Solving time: 12 minutes.
Solving a Chifonie puzzle often seems to me like a labour of love. Nice when you finish, but you don’t get the feeling of accomplishment that you do with other setters. I’m not sure why. I regularly solve and enjoy Times puzzles which never have a theme to them, but this just seems a bit bland.
ACROSS (*) = ANAGRAM (CD) = CRYPTIC DEFINITION (R) = REVERSAL
1 TRAP DOOR ROOD PART (R)
5 COMBAT COMB + A + T
9 GANYMEDE MANY EDGE*
10 GALLOP GALL + OP
12 TIARA Hidden answer
13 ATHLETICS HIS CATTLE*
14 HOUSE PAINTER HOUSE (Take In) + PAINTER ( A rope used to tie up a boat – standard crossword definition No 48)
18 INTERMEDIATE INTER + TE (Lawrence of Arabia’s initials) with MEDIA inside
21 CARTHORSE At least we were spared an anagram of ORCHESTRA! THOR’S inside CARE
23 NICHE H inside NICE
24 AT EASE A + TEASE
25 EQUIPAGE E (Earl) + QUIP (Sally) + AGE (Get on)
26 DANGER D + ANGER
27 REVEREND EVER in REND
DOWN
1 TIGHTS TIGHT (near) + S (opening of sewer)
2 ANNEAL ANNE + A + L
3 DEMEANOUR E+ MEAN inside DOUR
4 OLD MAN’S BEARD The alternative word for the plant Traveller’s Joy. DAMN BAD LOSER*
6 OSAGE – Brave, as in native American Indian (see Chambers) O (OLD) + SAGE
7 BALLISTA LIST inside BALA
8 TAPESTRY TAPES + TRY
11 CHAPLINESQUE A QUINCE HELPS*
15 INTENSIVE This clue doesn’t make sense. IN TENS = “Like the decimal system” – fine works OK. I’VE = “setter’s becoming” ? Rigorous = INTENSIVE. but why would a setter become rigorous like the decimal system?
17 PILCHARD LIP (R) + CHARD
19 SURGEON (Theatre worker – good misleading def) with T inside.

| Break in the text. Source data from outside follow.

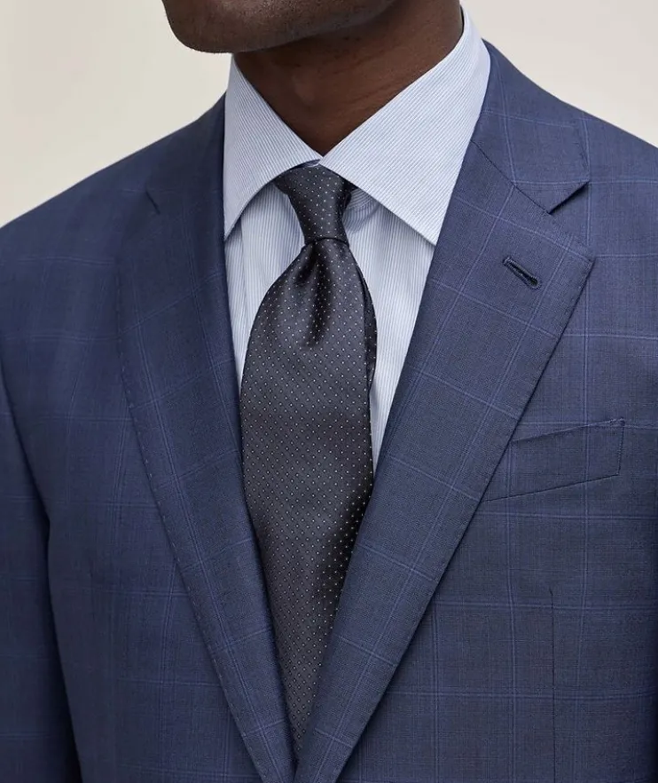 - Crafted from lustrous high quality wool-silk blend, the classic details complete the stylistic codes of the quintessential tailored suit.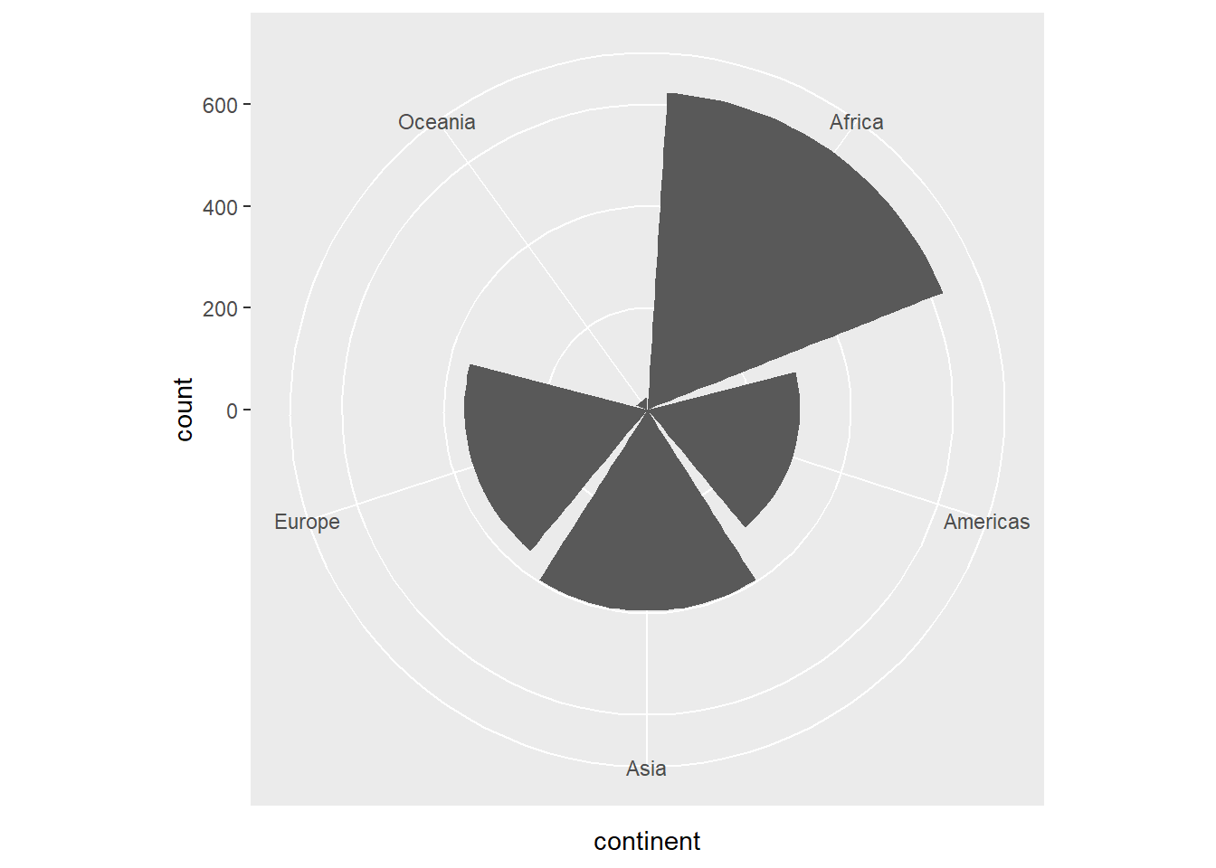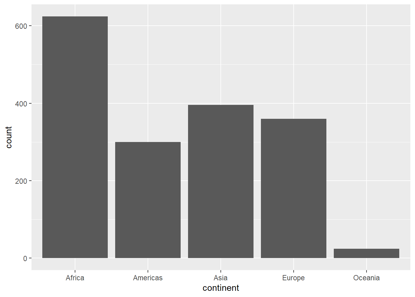 plot1 <- ggplot(gapminder, aes(x=continent)) + geom_bar()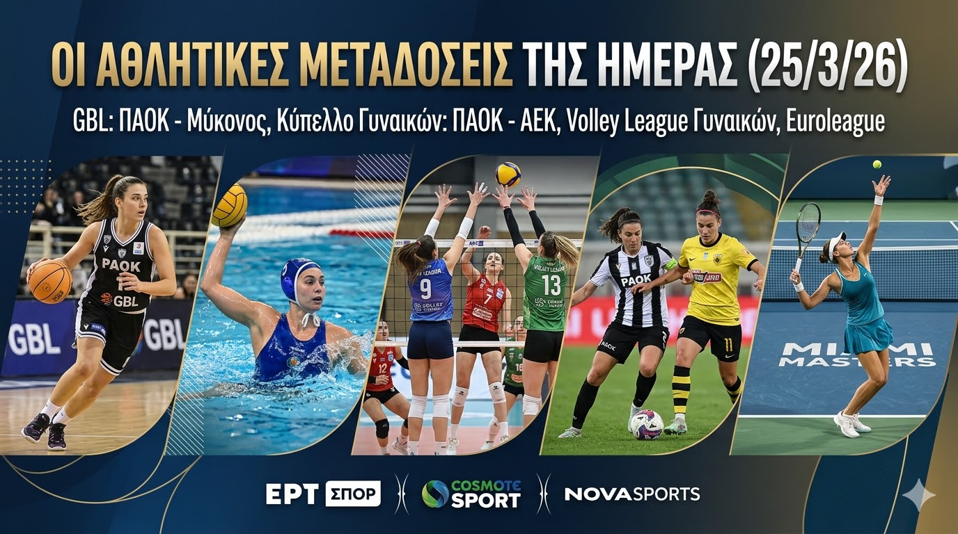 Οι αθλητικές μεταδόσεις της ημέρας (25/3/26)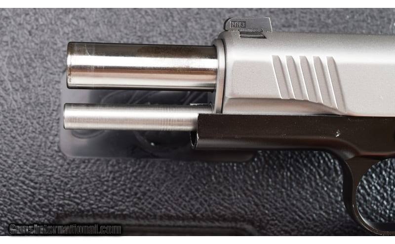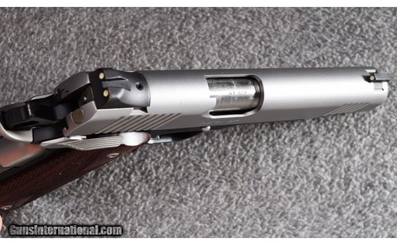Description: This Kimber Custom CDP II in .45 Auto remains in very good overall condition. There is some oxidation on the slide near the ejection port and some oxidation on top of the barrel. Some scratches are present on the frame near the slide stop. These are most commonly caused by disassembling the pistol. This 1911 features three dot nite sights and a full length guide rod. The original factory box and one (1) factory magazine are included. .45 Auto SOLD Metal Condition: Very Good Wood Condition: Excellent Bore Condition: Excellent Barrels: 5 Triggers: Factory Skeletonized Trigger Butt Pad: Checkered Two Panel Grips Weight: 2LBS Sights: Three Dot Nite Sights Item Location: Wheeling |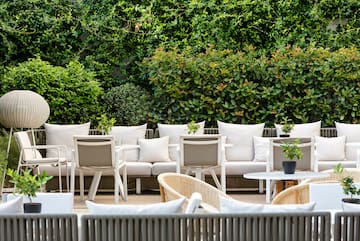 Escondido en el hotel Palacio de los Duques Gran Meliá, encontrarás otra de las joyas en cuanto a terrazas se refiere. Un rooftop en pleno corazón de Madrid situado en la 7ª planta, que brinda el máximo lujo con vistas panorámicas impresionantes de la ciudad, incluyendo el Palacio Real y la Catedral de la Almudena, edificios emblemáticos del Madrid de los Austrias. La terraza del Jardín de los Duques cuenta con una piscina, jacuzzi y un bar donde se pueden degustar sofisticados cócteles y bebidas selectas.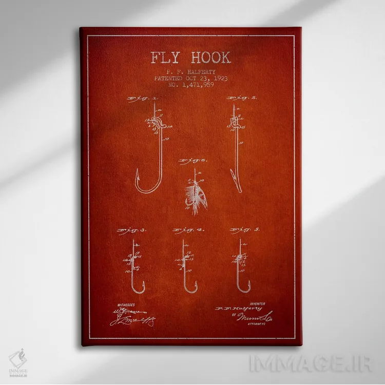 تابلو نقشهٔ حقامتیاز قلاب فلای (ماهیگیری) قرمز اثر پیکسل کهنه (استودیو/نام هنری)

19 OCTANE Is Octane a gas? It’s a consistutent of petrol (gas in the US). AT ONCE *
20 LEGEND GEN inside LED
22 HASTE S inside HATE
15D – Is it the indication for I’VE that you are unsure about or is it the surface reading you don’t like?
I think “setter’s” = I’VE is justifiable (kind of). If the setter’s written a good clue he would say – I’ve written a good clue. “becoming” would then just be a link word.
I agree I’VE is just about justifiable, but the clue itself reads badly.
Setter’s = setter has = I have = I’ve: seems okay to me.
I’ve seen the IN TENS route taken a few times before though, all the way back to some Enigmatist puzzle in the dim and distant. I think i/am/setting* went for:
Strained decimal point (7)
Love E-QUIP-AGE
Really love PIL-CHARD
Also not too keep on IN-TENS-IVE
Agree with Stan – some good clues here.
15D: I agree that ‘setter’s’ = IVE (I have). I’m not too upset by this device, which is used from time to time, but not always in a strictly grammatically accurate way. It just about works here because ‘I have becoming’ makes no sense and therefore ‘becoming’ can only be interpreted as a link word.
19D: Must pull Chifonie up here. Answer is definitely OCTANE but octane has a boiling point of 125C or so, and is therefore not a gas by any definition. And ‘gas’ = US petrol won’t do either, because this fuel does not consist of octane (‘octane’ number of a fuel is its behaviour relative to pure ISO-octane)
15D I’m of the opinion that clues have to make grammatical sense ONLY in the cryptic reading: surfaces in clues deploying any kind of SI (so, not CDs for example) are always entirely arbitrary, only ever ‘appearing’ to make sense (wherein lies the setter’s art), and Chifonie’s clue is entirely correct in this regard. ‘Becoming’ relates to the elements adding up to the answer, and the whole lot has nothing whatever to do with a setter as rigorous as a numerical system – it’s an illusion.
On the other hand, where in theory any number of illusory meanings could have been created for this answer, DT is completely at liberty to dislike the one we ended up with.